Adenosine triphosphate (ATP) consists of the nucleoside adenosine linked to three phosphate groups. On removal of
the outermost phosphate group, adenosine diphosphate (ADP) is formed while at the same time the energy released can be
employed for other reactions. Conversely, with the help of energy, an inorganic phosphate group can be bound to ADP and form
ATP. Considerable quantities of ATP are formed and consumed. At rest, an adult converts daily a quantity of ATP corresponding
to about one half body-weight, and during hard work the quantity can rise to almost a ton. Most of the ATP synthesis is carried
out by the enzyme ATP synthase. At rest Na + , K + -ATPase uses up a third of all ATP formed.

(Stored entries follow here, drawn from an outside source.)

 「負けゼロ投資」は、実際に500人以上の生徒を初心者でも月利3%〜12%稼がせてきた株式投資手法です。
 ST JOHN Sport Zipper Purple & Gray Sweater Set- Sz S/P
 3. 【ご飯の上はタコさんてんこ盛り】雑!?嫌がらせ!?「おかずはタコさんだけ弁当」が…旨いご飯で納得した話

ATP synthase: an exceptional molecular machine

During the 1940s and 1950s it was clarified that the bulk of ATP is formed in cell respiration in the mitochondria and
photosynthesis in the chloroplasts of plants. In 1960 the American scientist Efraim Racker and co-workers isolated, from
mitochondria, the enzyme "F o F 1 ATPase" which we now call ATP synthase. The enzyme can be divided into an F 1 part
containing the catalytic center and the F o part coupling the F 1 part to the membrane. The same enzyme exists in chloroplasts
and bacteria. In 1961 Peter Mitchell presented what is termed the chemiosmotic hypothesis for which he received the Nobel
Prize in 1978. He showed that cell respiration leads to a difference in hydrogen ion concentration (pH) inside and outside the
mitochondrial membrane, and that a stream of hydrogen ions drives the formation of ATP. The same applies to the chloroplast
membrane. The coupling of ATP synthase to hydrogen ion transport takes place via the F o part.

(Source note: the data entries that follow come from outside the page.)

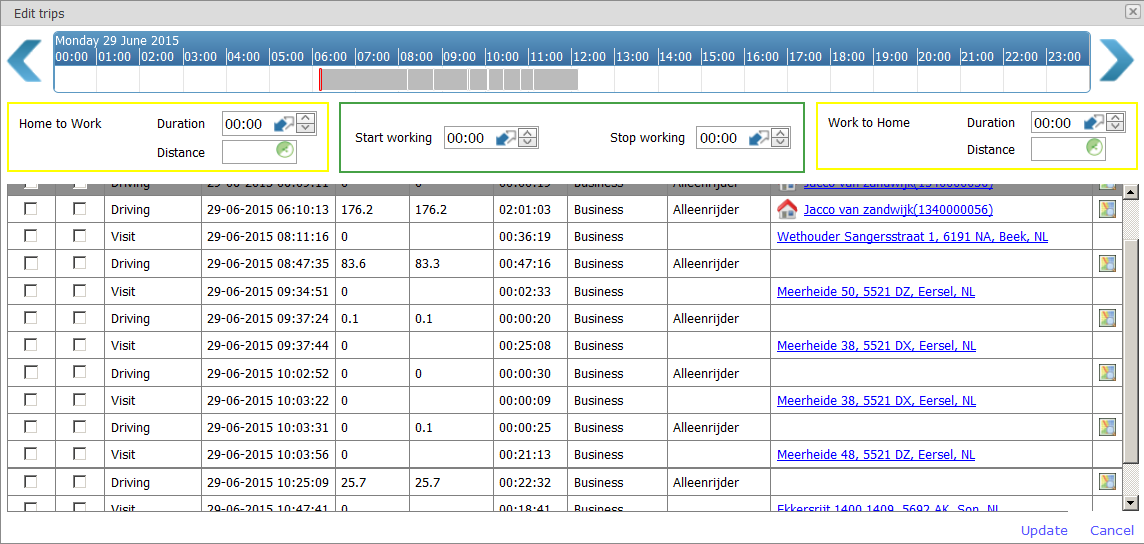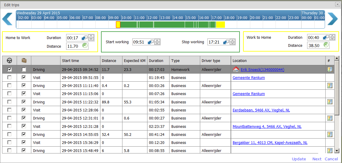 After activating the trips and visits, the total screen is filled automatically with the travel time and distance of the outward and the travel time and distance of the return journey. The start and end working times are also calculated.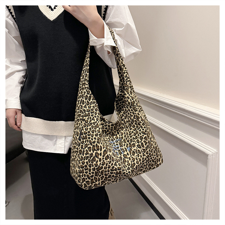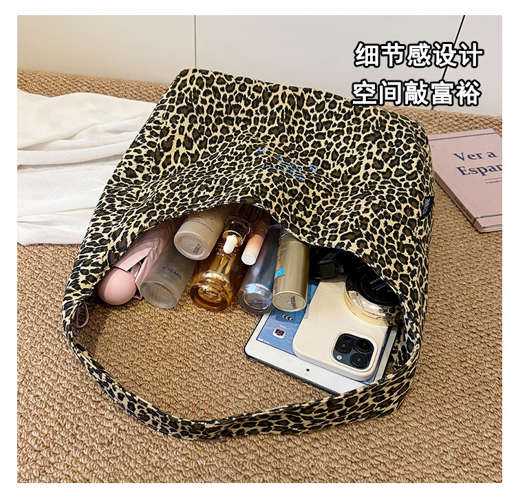 레오파드 무늬 캔버스 가방 여성 2024 새로운 한국 스타일 대용량 크로스 바디 백 클래스 통근 어깨 언더암 토트 백스토어 가기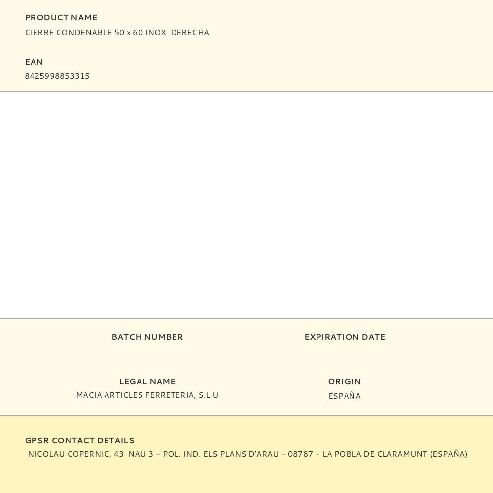 CIERRE CONDENABLE 50 x 60 INOX DERECHA

Paul D. Boyer began his studies of ATP formation in the early 1950s and is still highly active as a scientist. His chief
interest has been to find out by isotope techniques how ATP synthase functions and particularly how it uses energy to create
new ATP. His work has been crowned with unusual success in the past few years. ATP synthase has a mode of function that is
unusual for enzymes, and this required much time and extensive studies to establish. John E. Walker made his first studies of
ATP synthase at the beginning of the 1980s. His starting point was that a detailed chemical and structural knowledge of an
enzyme is required to understand in detail how it functions. He therefore determined the amino acid sequences in the
constituent protein units. During the 1990s he has collaborated with crystallographers to clarify the three-dimensional structure
of ATP synthase. So far, the structure of the enzyme's F 1 part has been established. Walker's work complements Boyer's in a
remarkable manner and further studies based on this structure demonstrate the correctness of the mechanism proposed by
Boyer.

The Royal Swedish Academy of Sciences has decided to award the 1997 Nobel Prize in Chemistry with one half to
Professor Paul D. Boyer, University of California, Los Angeles, USA, and Dr. John E. Walker, Medical Research Council
Laboratory of Molecular Biology, Cambridge, United Kingdom for their elucidation of the enzymatic mechanism underlying the
synthesis of adenosine triphosphate (ATP).